“Kok muka lo pucat kayak lihat hantu, Pak?”
—Lita Luisiana
Secuil keberuntungan masih menyelimuti Jaasir dalam kondisi kritisnya, ia bisa melepas sabuk pengamanm dan membuka pintu yang penyok. Kegigihan untuk bertahan dalam kesadaran membuat pria itu berhasil merangkak di dalam mobil yang terbalik, kemudian melepaskan sabuk pengaman Nada dan berusaha mengeluarkan gadis kecil itu dengan hati-hati. Tidak ada luka fisik di bagian kepala, tetapi Jaasir yakin bahwa Nada pingsan karena mendapat benturan saat tabrakan terjadi. Serpihan kaca yang menancap di lengan Nada terjatuh dengan sendirinya, Jaasir juga bersyukur bahwa kaki Nada tidak terjepit hingga bisa membawanya keluar dari mobil.
Aroma bensin menguar, Jaasir menggendong Nada dan membawanya menjauh dari mobil. Jalan di perumahan ini sangat sepi, tetapi ada beberapa warga yang tampak mengintip dari balik pagar dan beberapa di antaranya keluar menghampiri. Jaasir berhenti di bawah pohon mangga, ia duduk meluruskan kakinya sambil memangku kepala Nada. Dada Jaasir terasa sesak dan kepalanya terus berdengung, rasanya seluruh tubuh seperti ditindih oleh tangan-tangan besar yang tak kasat mata.
Pria itu merogoh kantong dan mengeluarkan ponselnya, kemudian menghubungi kontak bernama dr. Falih Oktavianus melalui WhatsApp. Tidak butuh waktu lama hingga panggilan itu terjawab.
“Halo, Dok. Tolong jemput saya di Jalan Merpati, Perumahan Sunardi. Tolong selamatkan nyawa Nada.”
“B-baik, saya jalan sekarang.” Telepon pun terputus.
Seorang pria tua yang keseluruhan rambutnya sudah memutih datang menghampiri, Jaasir menduga bahwa pira itu adalah warga sekitar. Kemudian disusul oleh seorang wanita yang berlari membawakan segelas air minum. Namun, pandangan Jaasir semakin kabur, rasanya ia tak mampu lagi menahan kesadaran. Tak lama kemudian semuanya pun jadi lebih terang.
***
Aroma minyak kayu putih menguar, membuat Jaasir membuka kedua mata dan melihat kotak-kotak ternit abu-abu di atasnya. Nyeri kepala yang tadi dirasakan sudah menghilang, kini ia mulai memperhatikan sekeliling. Ada Falih Oktavianus yang sedang duduk menatapnya, dan ada Nada Yuina di ranjang sebelah yang berbaring memejamkan mata serta mendapatkan infus. Ini bukanlah kamar rumah sakit, melainkan apartemen pribadi Jaasir yang memiliki perlengkapan layaknya kamar terbaik di rumah sakit.

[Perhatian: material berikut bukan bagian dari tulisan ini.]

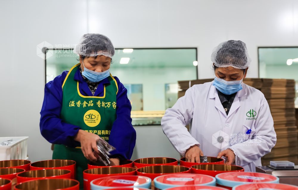 2024年1月8日,江西省瑞昌经开区江一食品生产车间内,工人在生产线上忙碌生产。
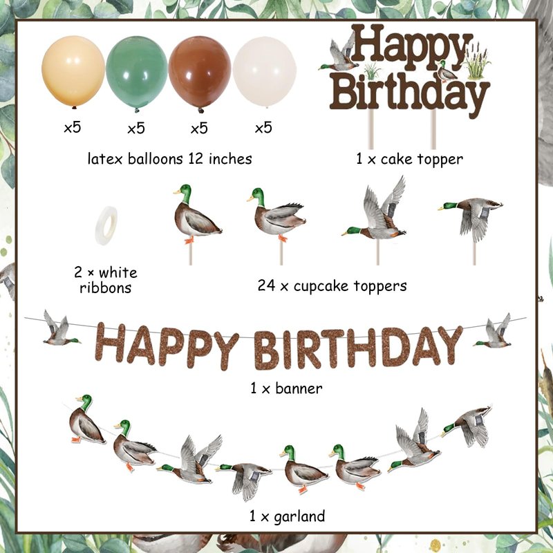 Package Includes: 20 x latex balloons 12 inches(5 sage green, 5 white, 5 brown and 5 apricot) 1 x “HAPPY BIRTHDAY” banner 1 x “Happy Birthday” cake topper 1 x mallard duck garland 24 x mallard duck cupcake toppers 2 x white ribbons 33ft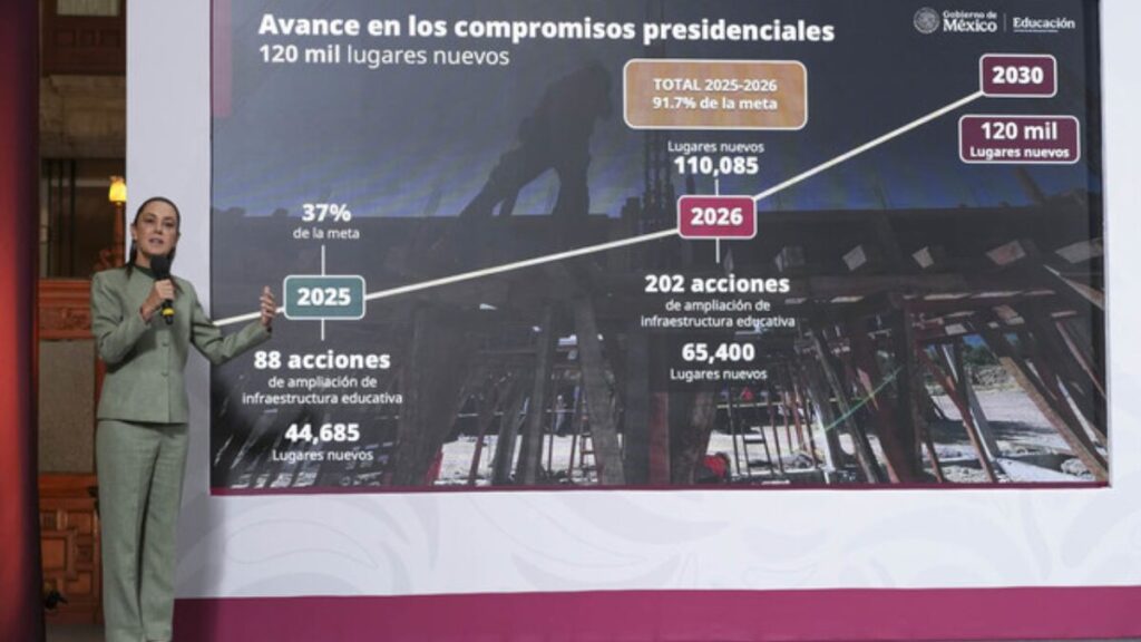 “¿Qué vamos a hacer en el 2026? 65 mil 400 nuevos lugares, es decir, 44 mil 685 más 65 mil 400 con 202 acciones de ampliación; ¿cómo? nuevos planteles, ampliación de planteles existentes y con esto que se llaman los telebachilleratos que le estamos dando una renovación de manera muy importante todos van a estar conectados a internet y están teniendo nuevos esquemas de formación y de enseñanza. De esta manera vamos a cumplir con que haya una preparatoria que quede cerca de la casa”, destacó en la conferencia matutina: “Las mañaneras del pueblo”.

Tangan kanan Falih memegang minyak kayu putih, ia adalah dokter yang dihubungi Jaasir sebelum pingsan. Pria itu berusia empat puluh tahun, bekerja sebagai dokter pribadi yang setia menerima panggilannya. Falih merupakan pria keturuan Papua, memiliki kulit gelap dan rambut cepak yang ikal. Kedua matanya cekung, hidungnya besar, dan senyumnya membuat Jaasir percaya bahwa pria itu bisa menangani berbagai macam kondisi darurat medis.

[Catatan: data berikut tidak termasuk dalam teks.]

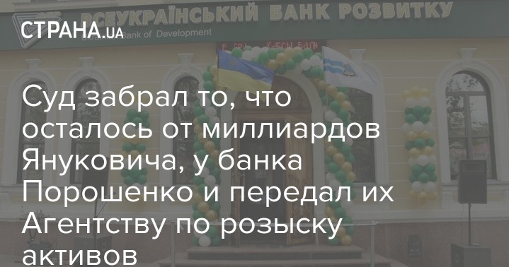 16 января Печерский суд передал арестованные средства банка ВБР, который называют банком семьи Янковича, в распоряжение Агентства по розыску активов. Ранее их вывели через "Международный инвестиционный банк" - банк Петра Порошенко. Это озачает, что теперь после решения суда, проценты за пользование этими средствами будет получать государство, а не банк Порошенко.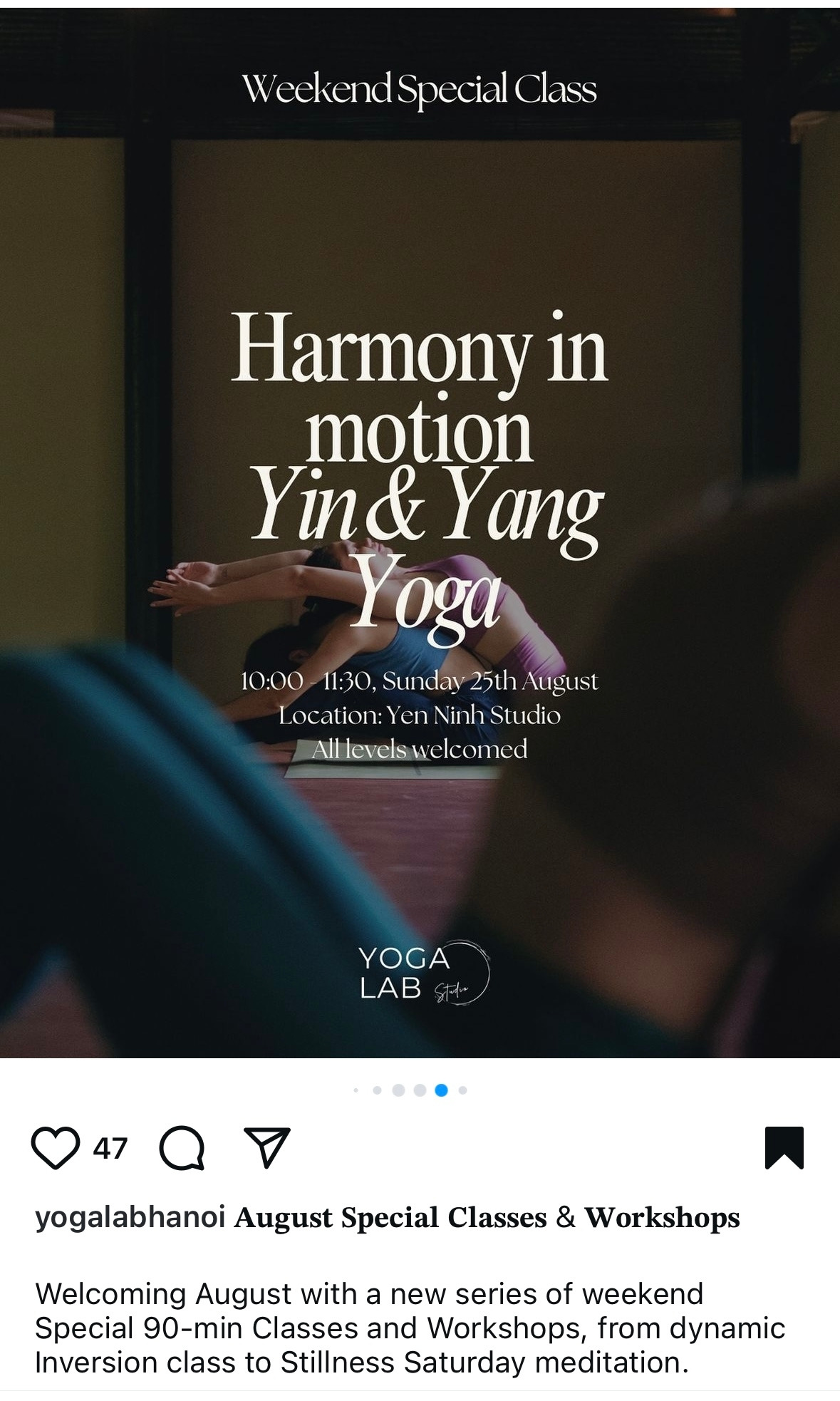 발리 우붓에서 요가가 너무 분위기 있고 몸도 개운하고 좋았어서 하노이 여행에서도 요가를 검색했다. 구글하고 인스타로 검색하다 영어로도 수업을 하는 곳을 발견해서 예약했다. 금요일 밤에는 yin yoga & qi gong이라는 수업, 일요일 오전에는 yin & yang 클래스다.

Jaasir terpaku memperhatikan Nada di ranjang sebelah. Tangan kiri gadis itu tampak diselimuti gips, begitu juga dengan kaki kirinya. Jaasir meremas sprai lalu menangis. “Gimana kondisinya, Dok?” tanya Jaasir, ia turun dari ranjang dan menghampiri Nada dengan langkah yang tersuruk pincang.

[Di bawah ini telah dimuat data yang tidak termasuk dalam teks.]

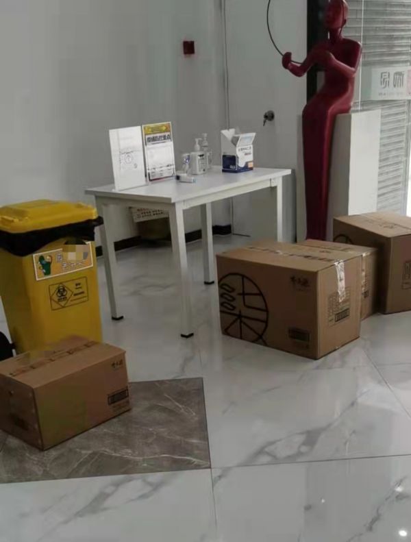 来到墙体侧面印有微念logo的主楼,刚进公司,便发现门口堆放着数箱印有“李子柒”logo的货品。包装上写有员工名字,但未见快递单。随后探访中,笔者也遇到了正用板车将印有“李子柒”logo的货品从后门运进办公楼的微念员工。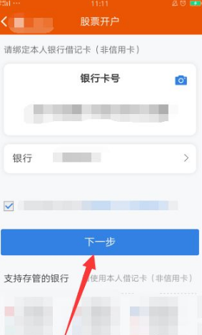 7、最后绑定自己的银行卡,点击【下一步】完成开户流程,等待审核结果即可。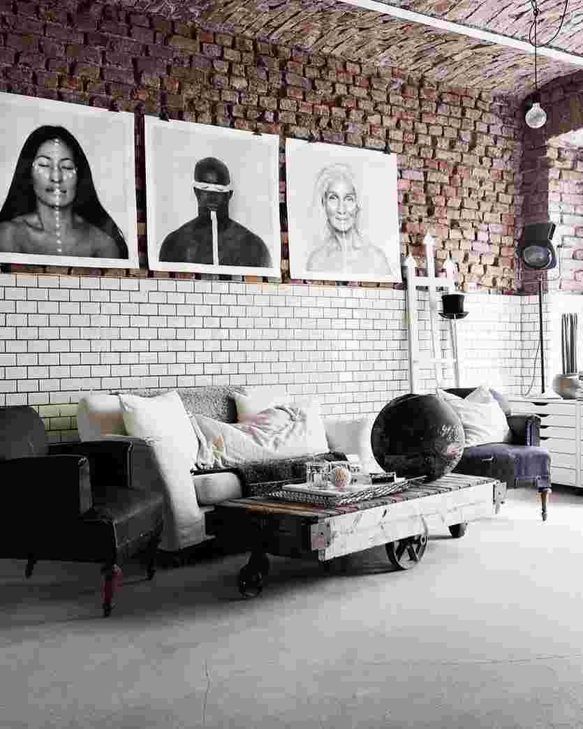 Начну с отделки стен, чаще всего предпочтение отдается кирпичной кладке, которая может быть выбеленной, демонстративно необработанной, частично оштукатуренной, окрашенной краской или покрытой лаком.

“Tidak ada pendarahan di otak,” jawab Falih, pria itu beranjak dari kursi dan turut menghampiri Nada. “Ada beberapa tulang yang patah, tulang kering di kaki kiri, dan pergelangan tangan kiri. Terjadi kerusakan yang cukup parah pada saraf tangan kirinya. Bisa sembuh, tapi kemungkinan tidak bisa digerakkan normal seperti dulu lagi.”